Many of the Indian bands of Western Canada were making a good start at adapting to a settled society, until the government decided that they needed help.  That really botched things up.  It seems that in every generation the government realizes that their attempts to help the Indians are not working and they come up with a fresh idea on how to help them.  The “Idle No More” movement seems to think this is a good thing, but the government isn’t doing enough.

Meanwhile, some Indian bands are accountable and open for business.  There is a reserve not far from us that has a casino, a world class golf course, a tourist hotel and more jobs than can be filled by the band members alone.  There are at least four Indian owned gas bars in our nearest city, all are busy.  Other bands are in the forestry and construction businesses.  Moral?  You will get ahead faster by creating your own jobs.

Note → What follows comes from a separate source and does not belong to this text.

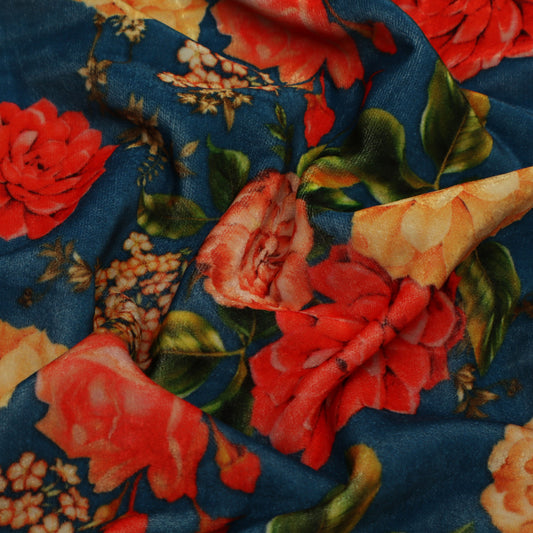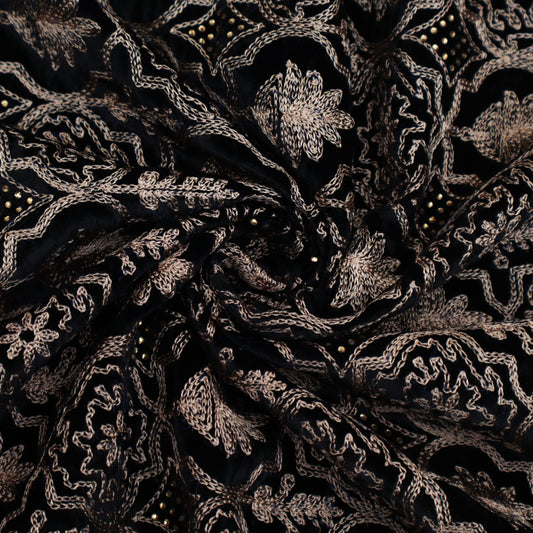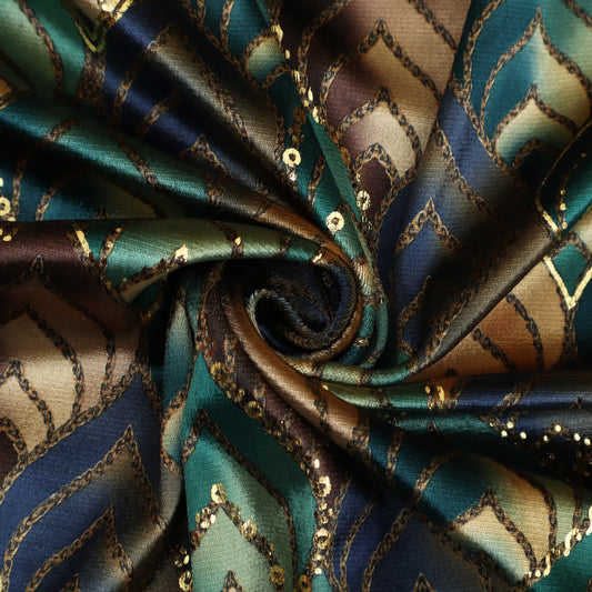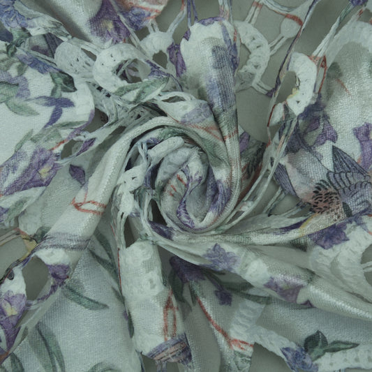 Rama Green Velvet Cut Work Print Embroidery Fabric

The “Christian” scene is too confusing and depressing for a quick analysis.  The Christian book store that I frequently wander into is in the process of moving their displays of Christian music CD’s from a back corner to a more visible location closer to the front of the store.  One of the employees told me it is because too many CD’s have been walking out of the store without being paid for.  The rates of divorce, of cohabitation before marriage and of pornography addiction are not much different among those who call themselves Christian than among the population in general.  The most common form of rebellion is to just abandon organized Christianity.  The ranks of unattached, restless Christians are growing.  Are they finding life any more fulfilling outside an organized church?

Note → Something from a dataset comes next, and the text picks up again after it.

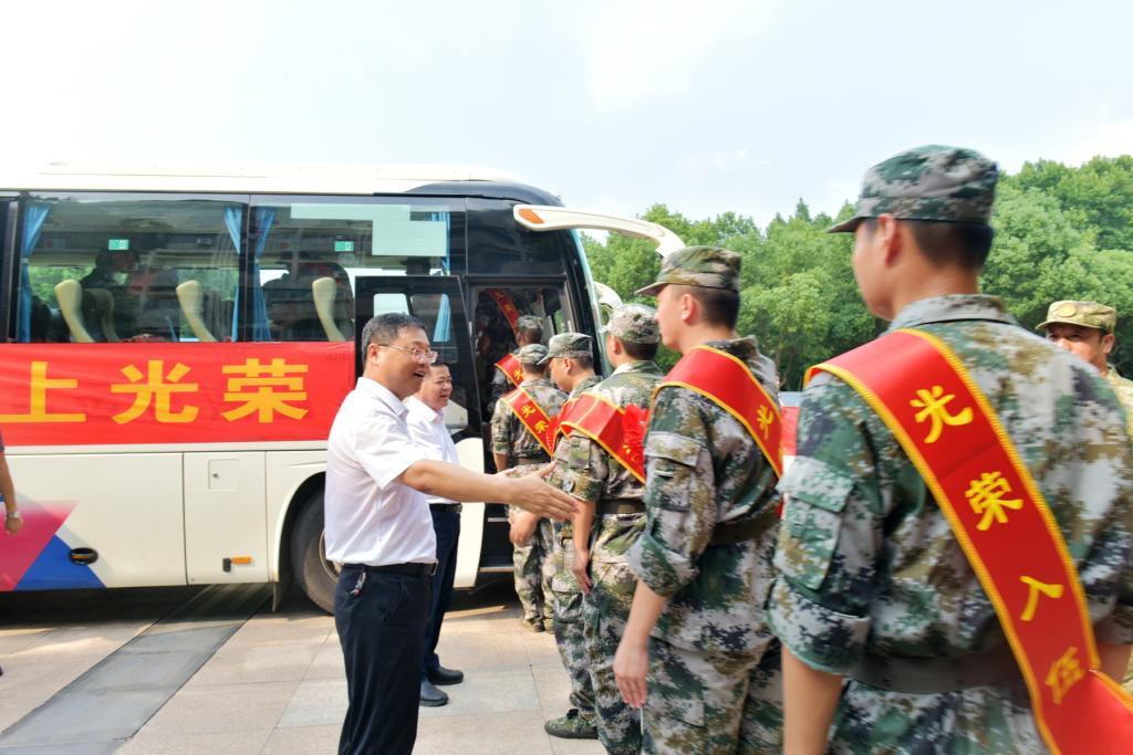 王俊介绍了威尼斯官网2025年征兵工作的总体情况。36名预定新兵肩披“光荣入伍”绶带,与会领导为他们佩戴“光荣花”。预定新兵们满载全校师生的祝福与期望,步伐铿锵、意志坚定,有序登车启程。两名迷彩宣讲团学生高擎“欢送新兵”横幅昂扬前导,锣鼓声、欢呼声、掌声久久回荡。

“Rebellion is as the sin of witchcraft.”  Rebellion doesn’t fix anything, because we are rebelling against the wrong thing.  Rebels see the faults in everything around them, go about to set things to right and in the end things are worse than they were before.

The thing that is most in need of fixing is inside of us – our heart.  The first step to fixing it is to admit that I am solely responsible for the mess that I am in; nobody else made me do the things I have done or make the choices I have made.  The second step is to admit that only God can help me now.  This is called repentance and will lead to a release from the burden of guilt, a new heart, a new vision of the meaning and purpose of life, and genuine freedom.

It doesn’t work to admit that I have done wrong and try to reform my life so that God will be pleased with me.  Neither does it work to try to claim God’s salvation without admitting any guilt on my part.  Salvation is a complete package, only available on God’s terms.

Two thousand years ago the world was in worse shape than it is today.  It was said of the disciples that they “turned the world upside down.”  Who says it can’t happen today?